* YOUR TASK
Line by line, please look for the word "with" in the following records, then copy each line you find it in.

* SUPPLIED INFORMATION
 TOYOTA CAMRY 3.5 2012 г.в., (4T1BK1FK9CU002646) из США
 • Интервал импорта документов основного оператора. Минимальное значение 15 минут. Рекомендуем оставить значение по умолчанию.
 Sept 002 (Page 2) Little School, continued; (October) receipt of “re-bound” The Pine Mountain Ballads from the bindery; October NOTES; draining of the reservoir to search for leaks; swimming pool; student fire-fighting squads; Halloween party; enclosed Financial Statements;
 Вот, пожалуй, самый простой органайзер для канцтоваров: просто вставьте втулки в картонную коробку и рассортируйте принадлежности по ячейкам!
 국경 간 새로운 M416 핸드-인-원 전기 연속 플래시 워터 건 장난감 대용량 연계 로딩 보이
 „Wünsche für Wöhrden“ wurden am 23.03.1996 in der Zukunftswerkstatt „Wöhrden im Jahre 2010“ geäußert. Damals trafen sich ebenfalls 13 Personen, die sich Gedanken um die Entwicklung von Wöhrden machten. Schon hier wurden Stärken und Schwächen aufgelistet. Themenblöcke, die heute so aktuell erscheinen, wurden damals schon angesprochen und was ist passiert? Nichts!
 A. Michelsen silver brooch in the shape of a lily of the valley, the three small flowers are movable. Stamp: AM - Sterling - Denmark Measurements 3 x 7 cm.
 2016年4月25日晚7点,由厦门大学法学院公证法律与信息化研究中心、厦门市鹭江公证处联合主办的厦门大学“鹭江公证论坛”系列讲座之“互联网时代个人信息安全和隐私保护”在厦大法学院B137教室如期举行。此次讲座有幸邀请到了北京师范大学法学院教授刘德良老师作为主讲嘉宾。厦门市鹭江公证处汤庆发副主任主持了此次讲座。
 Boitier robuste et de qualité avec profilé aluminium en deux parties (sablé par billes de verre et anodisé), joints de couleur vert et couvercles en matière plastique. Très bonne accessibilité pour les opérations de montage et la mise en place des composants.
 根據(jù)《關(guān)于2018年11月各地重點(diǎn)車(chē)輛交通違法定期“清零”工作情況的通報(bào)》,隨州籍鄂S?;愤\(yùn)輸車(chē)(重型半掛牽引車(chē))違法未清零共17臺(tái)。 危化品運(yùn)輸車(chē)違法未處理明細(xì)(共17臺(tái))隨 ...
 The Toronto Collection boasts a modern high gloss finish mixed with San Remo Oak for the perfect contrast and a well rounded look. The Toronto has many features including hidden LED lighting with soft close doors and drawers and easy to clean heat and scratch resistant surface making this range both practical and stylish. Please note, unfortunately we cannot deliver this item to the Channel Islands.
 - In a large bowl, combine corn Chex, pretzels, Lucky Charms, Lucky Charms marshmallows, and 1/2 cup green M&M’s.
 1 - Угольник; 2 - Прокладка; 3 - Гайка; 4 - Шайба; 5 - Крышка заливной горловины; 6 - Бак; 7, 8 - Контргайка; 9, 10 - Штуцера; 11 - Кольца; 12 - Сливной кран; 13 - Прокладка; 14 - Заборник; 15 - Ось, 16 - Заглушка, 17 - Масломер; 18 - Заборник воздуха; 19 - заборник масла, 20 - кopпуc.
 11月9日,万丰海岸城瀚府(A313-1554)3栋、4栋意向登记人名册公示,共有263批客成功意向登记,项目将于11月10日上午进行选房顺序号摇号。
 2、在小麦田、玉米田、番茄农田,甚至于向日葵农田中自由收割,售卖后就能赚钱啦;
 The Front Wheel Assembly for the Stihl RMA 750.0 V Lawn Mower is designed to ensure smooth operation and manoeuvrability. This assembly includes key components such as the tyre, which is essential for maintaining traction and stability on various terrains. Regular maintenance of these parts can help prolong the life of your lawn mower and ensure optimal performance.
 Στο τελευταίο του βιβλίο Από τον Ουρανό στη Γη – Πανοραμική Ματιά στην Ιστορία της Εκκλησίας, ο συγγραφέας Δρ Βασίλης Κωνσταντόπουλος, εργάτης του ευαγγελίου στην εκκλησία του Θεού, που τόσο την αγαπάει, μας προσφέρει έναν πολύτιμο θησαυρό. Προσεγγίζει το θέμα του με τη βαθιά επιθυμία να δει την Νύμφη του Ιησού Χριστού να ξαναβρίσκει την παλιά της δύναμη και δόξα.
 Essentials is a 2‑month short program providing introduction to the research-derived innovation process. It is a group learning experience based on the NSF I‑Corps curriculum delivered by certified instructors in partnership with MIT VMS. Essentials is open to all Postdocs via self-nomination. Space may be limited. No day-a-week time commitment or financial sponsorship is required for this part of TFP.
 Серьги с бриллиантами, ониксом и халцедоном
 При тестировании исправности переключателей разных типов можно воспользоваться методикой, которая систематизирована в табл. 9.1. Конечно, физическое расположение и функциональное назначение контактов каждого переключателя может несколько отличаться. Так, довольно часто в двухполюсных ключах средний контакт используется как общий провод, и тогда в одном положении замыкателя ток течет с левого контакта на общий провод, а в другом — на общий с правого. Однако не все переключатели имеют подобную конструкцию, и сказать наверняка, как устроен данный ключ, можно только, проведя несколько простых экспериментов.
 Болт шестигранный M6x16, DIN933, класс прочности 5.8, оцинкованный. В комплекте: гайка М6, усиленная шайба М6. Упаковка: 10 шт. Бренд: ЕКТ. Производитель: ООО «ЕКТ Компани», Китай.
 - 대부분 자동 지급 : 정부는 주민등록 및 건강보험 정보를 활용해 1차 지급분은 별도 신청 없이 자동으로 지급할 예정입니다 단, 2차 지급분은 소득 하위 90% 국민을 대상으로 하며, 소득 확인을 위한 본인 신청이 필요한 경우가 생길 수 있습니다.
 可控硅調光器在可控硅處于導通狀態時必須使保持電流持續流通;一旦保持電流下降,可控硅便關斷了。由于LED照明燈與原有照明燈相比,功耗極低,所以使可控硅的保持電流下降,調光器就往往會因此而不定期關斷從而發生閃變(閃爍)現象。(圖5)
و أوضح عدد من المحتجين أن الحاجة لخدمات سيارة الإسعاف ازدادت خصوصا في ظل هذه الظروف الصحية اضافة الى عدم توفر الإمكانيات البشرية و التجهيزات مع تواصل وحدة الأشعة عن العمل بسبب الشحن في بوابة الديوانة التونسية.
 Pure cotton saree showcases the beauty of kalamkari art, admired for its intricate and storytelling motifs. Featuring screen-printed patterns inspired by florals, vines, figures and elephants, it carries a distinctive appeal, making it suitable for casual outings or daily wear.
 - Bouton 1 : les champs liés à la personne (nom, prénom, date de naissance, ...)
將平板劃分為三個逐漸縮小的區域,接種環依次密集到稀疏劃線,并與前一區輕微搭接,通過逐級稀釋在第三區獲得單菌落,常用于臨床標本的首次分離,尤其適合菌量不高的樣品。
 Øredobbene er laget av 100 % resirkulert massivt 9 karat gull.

* OUTPUT OF THE TASK
 The Toronto Collection boasts a modern high gloss finish mixed with San Remo Oak for the perfect contrast and a well rounded look. The Toronto has many features including hidden LED lighting with soft close doors and drawers and easy to clean heat and scratch resistant surface making this range both practical and stylish. Please note, unfortunately we cannot deliver this item to the Channel Islands.
 Essentials is a 2‑month short program providing introduction to the research-derived innovation process. It is a group learning experience based on the NSF I‑Corps curriculum delivered by certified instructors in partnership with MIT VMS. Essentials is open to all Postdocs via self-nomination. Space may be limited. No day-a-week time commitment or financial sponsorship is required for this part of TFP.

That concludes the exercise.